Top of DATA

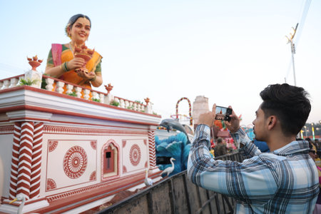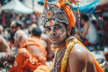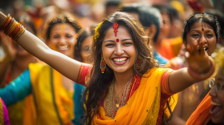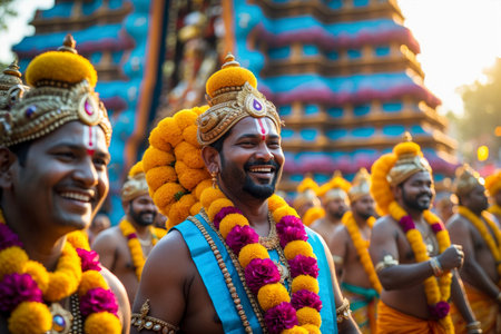 People at festival in traditional Hindu festival of Thaipusam, happy men and women holiday AI Generative
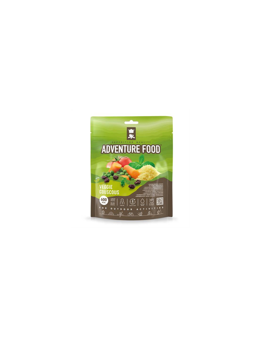 Fyll på energidepån efter dagens ävenyr med en vegetarisk måltid från Adventure Food. Couscous med grönsaker innehåller gluten. Kan innehålla spår av jordnötter, nötter.
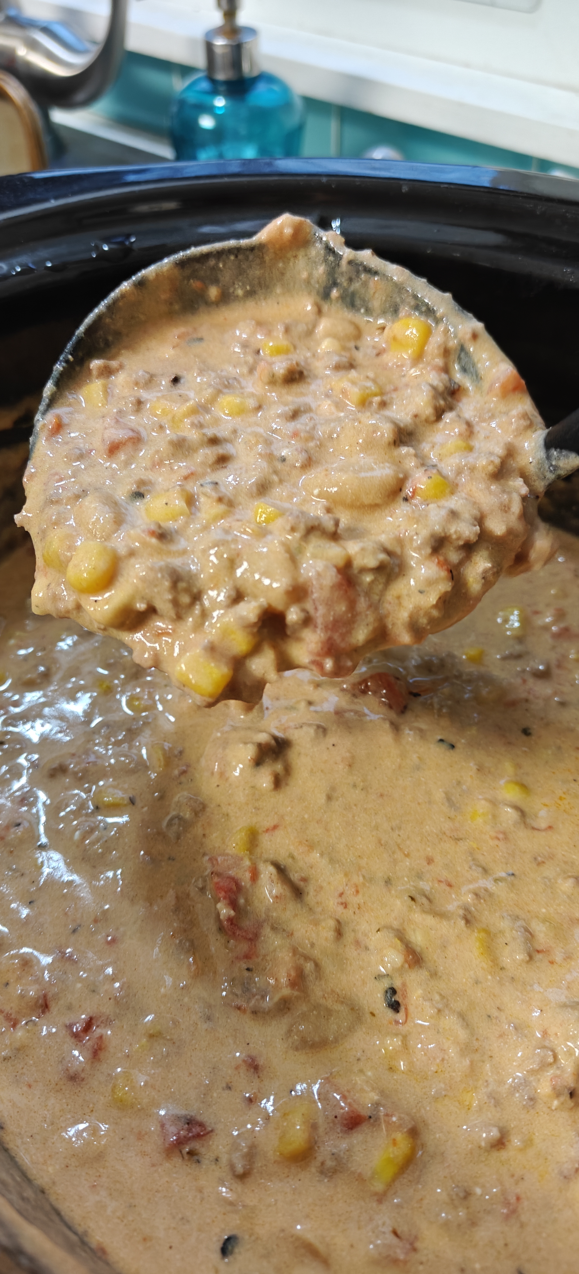 If the chili is too thick, add about 1/4 cup of water or heavy cream and stir. Serve hot in nice big bowls, load up with your favorite toppings, and enjoy!
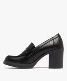 Escarpins femme à talon carré style mocassins noir
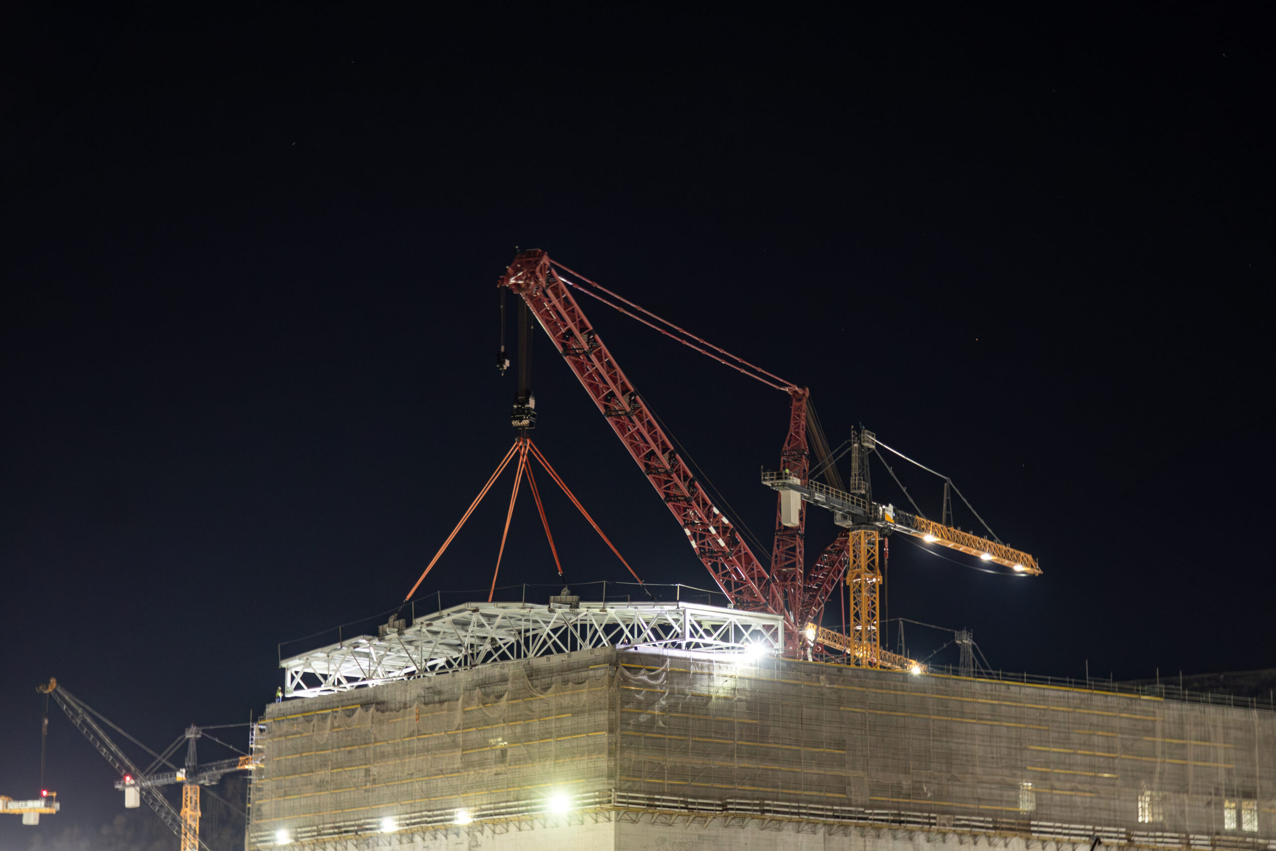 Toplam ağırlığı 1142 ton olan ve 9 genişletilmiş kirişten oluşan türbin binasının çatısında kurulum süreci üç aydan fazla sürdü. Her biri 95 ila 175 ton ağırlığında ve 61 metre uzunluğunda olan kirişler, özel olarak hazırlanmış iki kızak üzerinde eş zamanlı olarak birleştirilerek monte edildi. Kurulum için Liebherr LR 13000 paletli vinç kullanıldı. Türbin binasındaki her bir kiriş on milimetre hassasiyetle monte edildiğinden çalışmalar dikkatli bir hazırlığın yanı sıra yüksek düzeyde organizasyon ve inşaat planlaması gerektirdi.
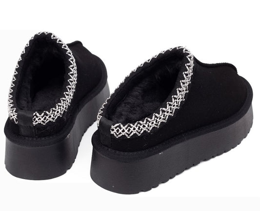 כפכפי פרווה פלטפורמה מוגבהות עם גומי אחורי - שחור מנומר / 36
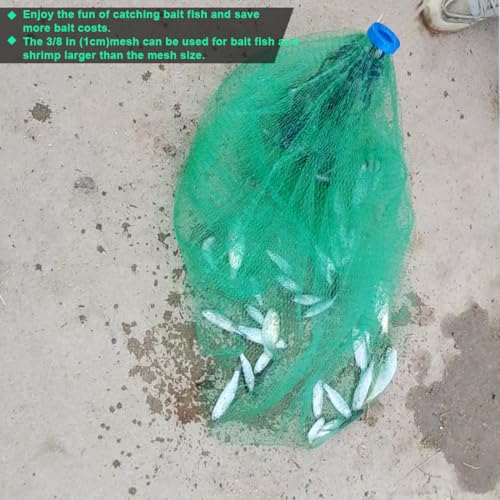 - 3/8’’ MESH: 3/8 mesh accommodates most bait species. Make capturing live bait easy and fun,provides significant savings in bait cost. The bottom of the net adopts each mesh bundle line, so that the net is evenly stressed, enhancing the durability of the net
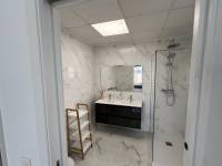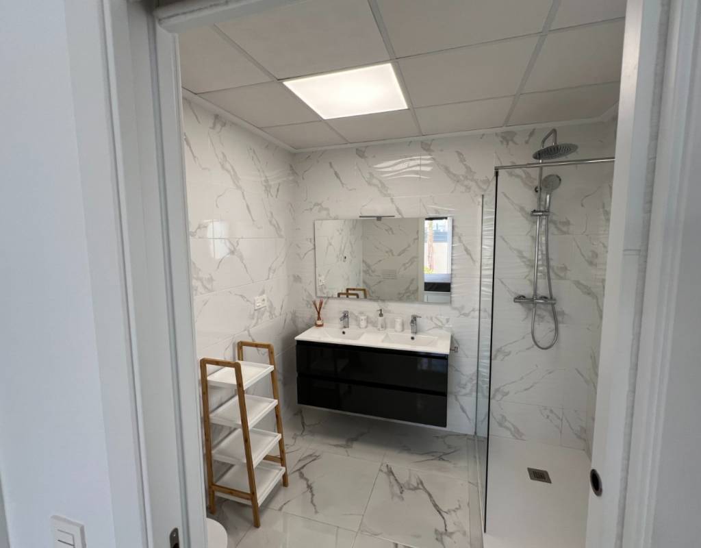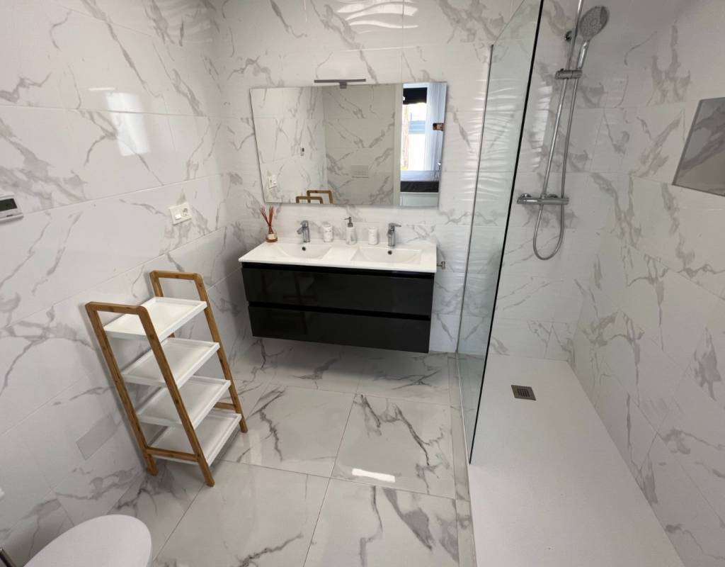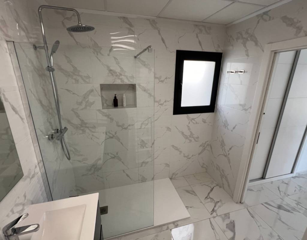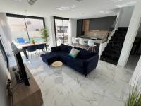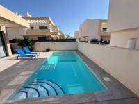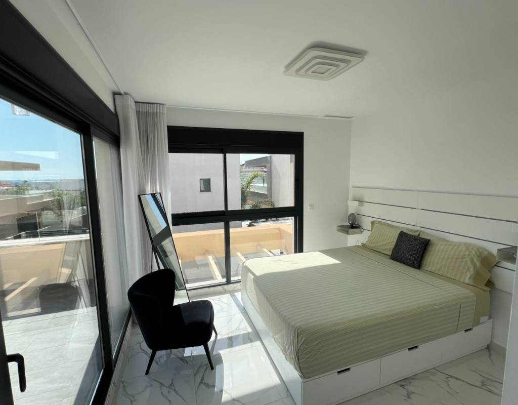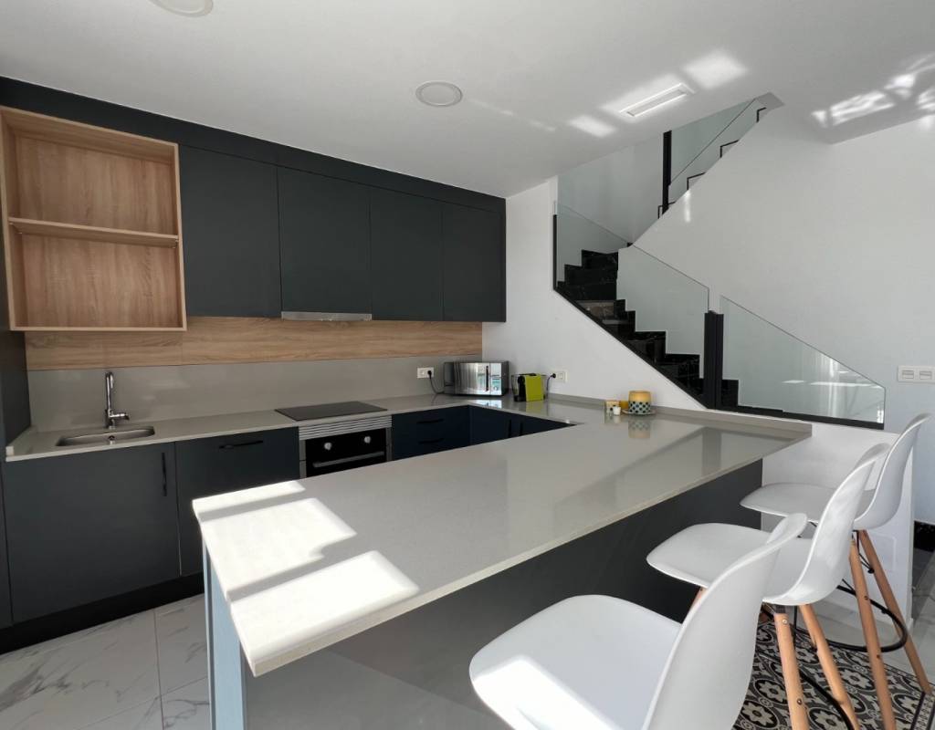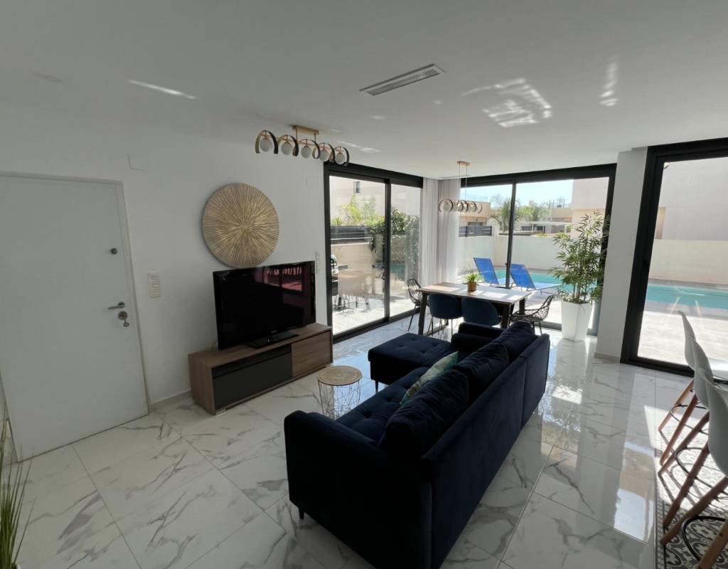 This modern villa, constructed in 2021, epitomizes contemporary design and luxury living. Situated in La Herrada, Los Montesinos, the villa covers a build size of approximately 115m² on a south and east-facing plot of 225m², ensuring ample natural light throughout the day. The ground floor is a testament to open-plan living, featuring a spacious kitchen seamlessly integrated with a lounge and dining area. Three expansive picture windows flood the space with light and provide unobstructed views of the private pool and a large sun terrace, perfect for outdoor relaxation and entertainment. The villa boasts three generously sized bedrooms, each fitted with ample closet space. Two of these bedrooms include en-suite bathrooms, offering privacy and convenience. One bedroom stands out with its access to a large balcony, an ideal spot for morning coffee or evening relaxation. In addition to the terrace and balcony, the villa includes a large solarium, providing breath taking views of the surrounding area, including the stunning salt lakes. This property is an excellent choice for those seeking a modern, stylish home in a peaceful yet well-connected area.

Bottom of DATA

## PROBLEM TO SOLVE
Restate the records above word for word. Skip every picture.

## SOLUTION FOR THIS TASK
 People at festival in traditional Hindu festival of Thaipusam, happy men and women holiday AI Generative
 Fyll på energidepån efter dagens ävenyr med en vegetarisk måltid från Adventure Food. Couscous med grönsaker innehåller gluten. Kan innehålla spår av jordnötter, nötter.
 If the chili is too thick, add about 1/4 cup of water or heavy cream and stir. Serve hot in nice big bowls, load up with your favorite toppings, and enjoy!
 Escarpins femme à talon carré style mocassins noir
 Toplam ağırlığı 1142 ton olan ve 9 genişletilmiş kirişten oluşan türbin binasının çatısında kurulum süreci üç aydan fazla sürdü. Her biri 95 ila 175 ton ağırlığında ve 61 metre uzunluğunda olan kirişler, özel olarak hazırlanmış iki kızak üzerinde eş zamanlı olarak birleştirilerek monte edildi. Kurulum için Liebherr LR 13000 paletli vinç kullanıldı. Türbin binasındaki her bir kiriş on milimetre hassasiyetle monte edildiğinden çalışmalar dikkatli bir hazırlığın yanı sıra yüksek düzeyde organizasyon ve inşaat planlaması gerektirdi.
 כפכפי פרווה פלטפורמה מוגבהות עם גומי אחורי - שחור מנומר / 36
 - 3/8’’ MESH: 3/8 mesh accommodates most bait species. Make capturing live bait easy and fun,provides significant savings in bait cost. The bottom of the net adopts each mesh bundle line, so that the net is evenly stressed, enhancing the durability of the net
 This modern villa, constructed in 2021, epitomizes contemporary design and luxury living. Situated in La Herrada, Los Montesinos, the villa covers a build size of approximately 115m² on a south and east-facing plot of 225m², ensuring ample natural light throughout the day. The ground floor is a testament to open-plan living, featuring a spacious kitchen seamlessly integrated with a lounge and dining area. Three expansive picture windows flood the space with light and provide unobstructed views of the private pool and a large sun terrace, perfect for outdoor relaxation and entertainment. The villa boasts three generously sized bedrooms, each fitted with ample closet space. Two of these bedrooms include en-suite bathrooms, offering privacy and convenience. One bedroom stands out with its access to a large balcony, an ideal spot for morning coffee or evening relaxation. In addition to the terrace and balcony, the villa includes a large solarium, providing breath taking views of the surrounding area, including the stunning salt lakes. This property is an excellent choice for those seeking a modern, stylish home in a peaceful yet well-connected area.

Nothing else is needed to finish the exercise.